__WHAT NEEDS TO BE DONE__. Repeat the data in full. Drop every picture.

__RAW DATA__.
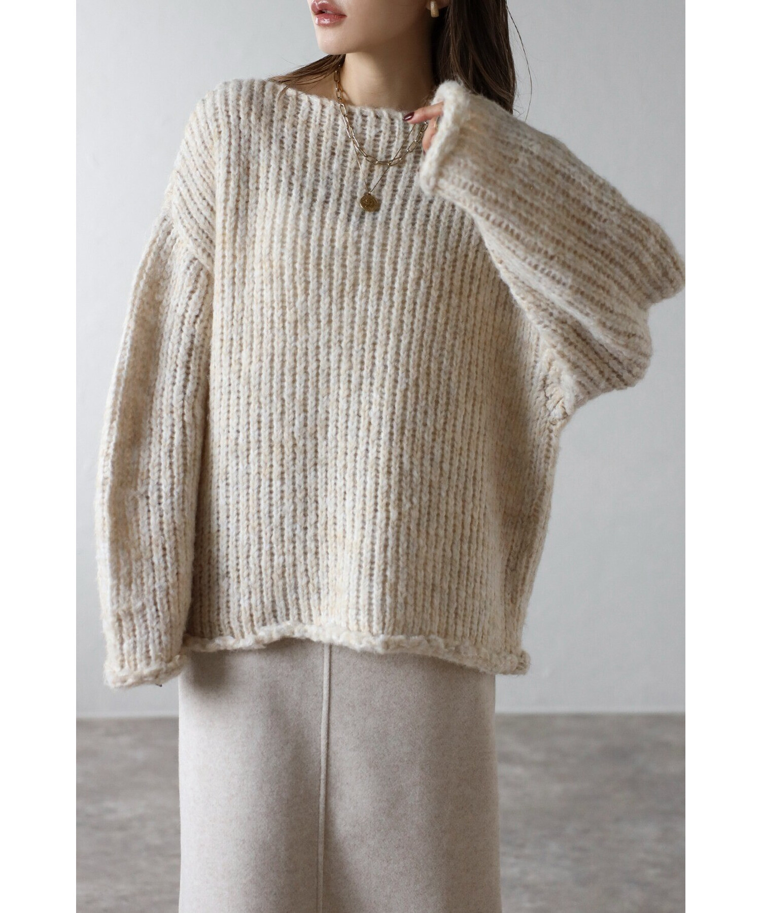 ふんわり包まれる。アルパカタッチのローゲージニット
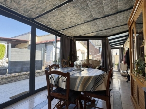 Au rez-de-chaussée, vous découvrirez une véranda chauffée apportant luminosité et confort toute l’année, une cuisine aménagée et semi-équipée, un séjour d’environ 30 m2, une chambre avec dressing, une salle de douche ainsi qu’un WC indépendant.
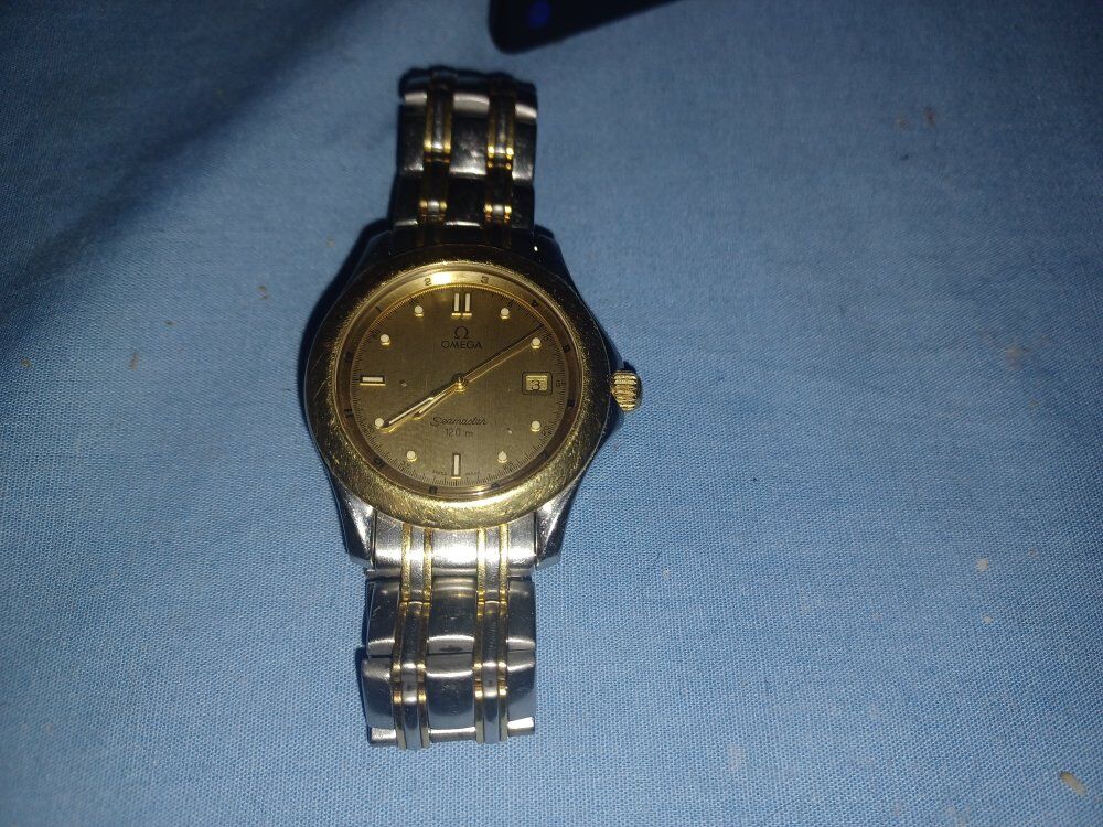 Omega Seamaster 120m, gold face, everything original, it works perfect, took it to the jeweler for battery change, he said it goes for $4000 new. I only answer phone calls, don't bother texting. I am getting rid of my treasurs since I am too old to use them anymore.

__ANSWER TO THE PROBLEM__.
 ふんわり包まれる。アルパカタッチのローゲージニット
 Au rez-de-chaussée, vous découvrirez une véranda chauffée apportant luminosité et confort toute l’année, une cuisine aménagée et semi-équipée, un séjour d’environ 30 m2, une chambre avec dressing, une salle de douche ainsi qu’un WC indépendant.
 Omega Seamaster 120m, gold face, everything original, it works perfect, took it to the jeweler for battery change, he said it goes for $4000 new. I only answer phone calls, don't bother texting. I am getting rid of my treasurs since I am too old to use them anymore.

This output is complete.